It’s the unknown unknowns spooking investors in private credit funds
Investment trends, like fads, can often take on a life of their own. But investment fads, like emotions, are ultimately driven by our primal emotions: greed and fear, two emotions that can have us acting irrationally.
Fundamentally, we understand how this isn’t logical, yet seeing others profit handsomely from yesterday’s decisions can often influence us to lower our standards, telling ourselves, “they must know something that I don’t”.
When it comes to the financial markets, sadly, history is littered with such examples where we emotively override our fundamental principles from “fear of missing out”.

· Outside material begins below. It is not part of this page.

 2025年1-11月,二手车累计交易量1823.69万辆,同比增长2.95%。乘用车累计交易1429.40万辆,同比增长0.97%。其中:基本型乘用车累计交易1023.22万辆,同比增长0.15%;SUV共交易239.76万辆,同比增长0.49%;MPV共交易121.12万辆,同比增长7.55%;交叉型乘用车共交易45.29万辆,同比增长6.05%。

More recently, and I appreciate that this is contentious, a possible example lies in an asset class called private credit. To explain, let’s first start by defining what it is.

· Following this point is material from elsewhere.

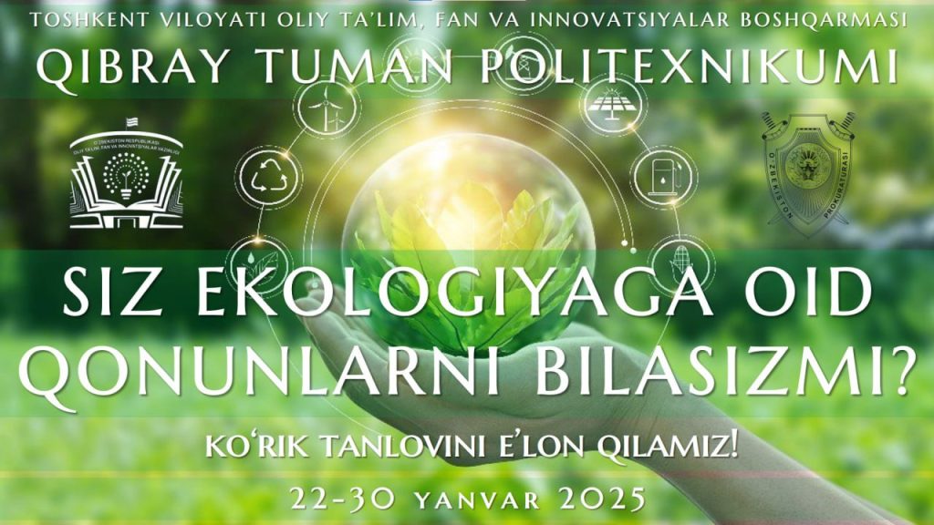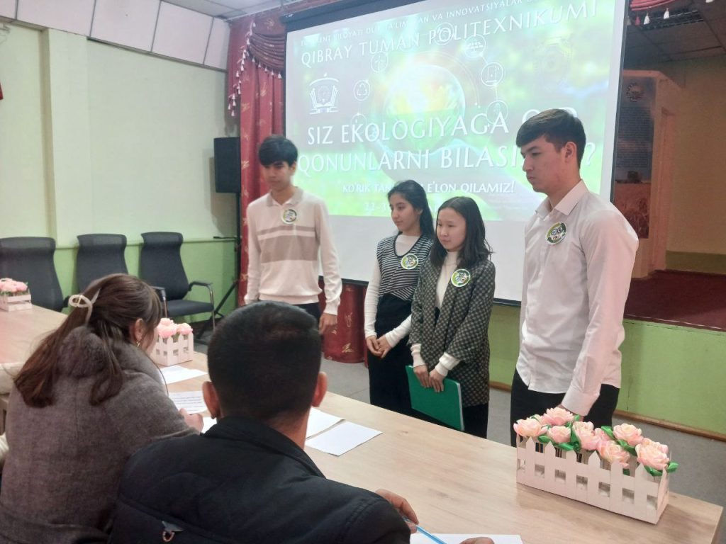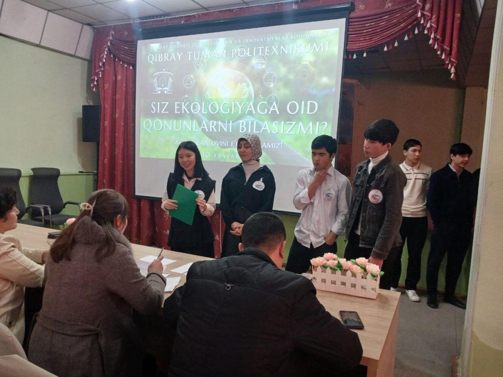2025-yil 27-yanvar kuni Qibray tuman texnikumida “Siz ekologiyaga oid qonunlarni bilasizmi?” respublika ko‘rik-tanlovining ta’lim muassasasi bosqichi bo’lib o’tdi. Tanlovda o’quvchi -yoshlar ekologiya va atrof- muhitni asrashga doir qonunlarning mazmun-mohiyati, tabiat ne’matlarini saqlash zarurati borasida sahna ko’rinishlari va taqdimotlar namoyish etildi.

Businesses often need to inject working capital and, more often than not, use debt that is accessed three ways: bank loans, bonds and, increasingly, directly through the private market, AKA private credit. The latter is invaluable to the economy as businesses often can’t access borrowed capital via the first two because banks won’t lend to them or the dollar amount is too small to offer debt securities.
As an asset class, private credit benefits lenders and borrowers. In this case, lenders typically aggregate capital through investment funds managed by investment and banking professionals.
As with banks, typically much of the debt is secured and short-dated, which is a more defensive debt vehicle when compared with some corporate bonds. The number of debt offerings can often extend beyond the 100s, meaning the impact from any one default on the total portfolio is minimal, or at least that’s the expectation.
Just as with other fund offerings, the risk spectrum in private credit can vary from low- to high-risk, where risk is usually defined by either credit quality, term of loan, and/or asset backing levels. Naturally, the higher the embedded risk, the higher the expected return.
Investors also need to be conscious of how liquidity within the fund will impact their ability to claw back their money. Some have daily access while others are less liquid with one to three-month fund claw-backs.
Private credit fund providers are compensated via management fees and, in some cases, performance fees. Some managers, albeit not all, additionally capture “origination fees” as part of their overall compensation.
Think of the “origination fee”, per se, as a fee paid by the banks to your mortgage broker for you borrowing their money. Some private credit funds even capture 100 per cent of this origination fee while others split such fees with their clients.
Nothing attracts a moth faster than bright lights, and the returns from this “defensive” asset have not only matched higher-risk growth assets but have left other defensive assets for dust.
While the investment community sought CPI+ returns during our previous quantitative easing (QE) world, private credit funds had delivered high single-digit to low-teens net returns. With this increased attention from the institutional, wholesale and retail worlds, the proliferation of funds grew rapidly.
Indeed, the demand for private credit grew almost as rapidly as did their offerings. So, is private credit a fad or is it a viable and more capital-secure alternative to other traditional defensive interest assets?
My answer is in three parts.
First, what I call the “secret sauce”. When one asks providers how they’re generating low double-digit returns off a low-duration, well-diversified portfolio when even junk bonds are only delivering high single-digit returns, the answers are often filled with platitudes, historical results and the platitude, “trust me, we know what we’re doing”.
Behind this veil of secrecy lies an investor’s greatest enemy: the unknown unknowns. It’s the vagueness around portfolio construction and risk management that raises the hairs on the back of my neck, not the asset class per se.
Double-dipping is my second point. Mortgage brokers are compensated through origination fees/trailers and not by their clients. A trailer received by a financial planner is rebated to their clients. Fund managers can no longer do “soft dollar” arrangements. But in the private credit world, it seems that some believe that origination fees, or part thereof, belong to them. But were it not for their clients’ money, origination fees would not exist. I call this the OPM principle – Other People’s Money.
Finally, there’s use-or-lose. Every asset has a capacity issue, and with private credit being relatively new, do we know what this figure even is? Like the other private asset class, private equity, if the manager doesn’t find a home for the asset, the manager misses out on prospective revenue (and origination fees).
Coupled with the “secret sauce”, it’s difficult for clients to monitor if their manager is sliding down the quality pole to invest the capital. Like other credit assets, the demand for debt doesn’t always match the supply of funds.
The recent public scrutiny of one private credit manager was unfair as the issues raised were not unique to that manager but typical of the asset. There is little doubt that within the pool of private credit offerings are some well-credentialed and diligent managers.
All private credit funds are not alike when it comes to risk, but because of our inability to properly segregate the sound from the hounds, the risk of the unknown unknowns haunts them all. I suspect it will take for the tide to go out to see who’s swimming naked.
Full disclosure: I hold a small allocation to a private credit fund, albeit recently cutting my investment in half as these aforementioned unknowns concern me more than the strong returns.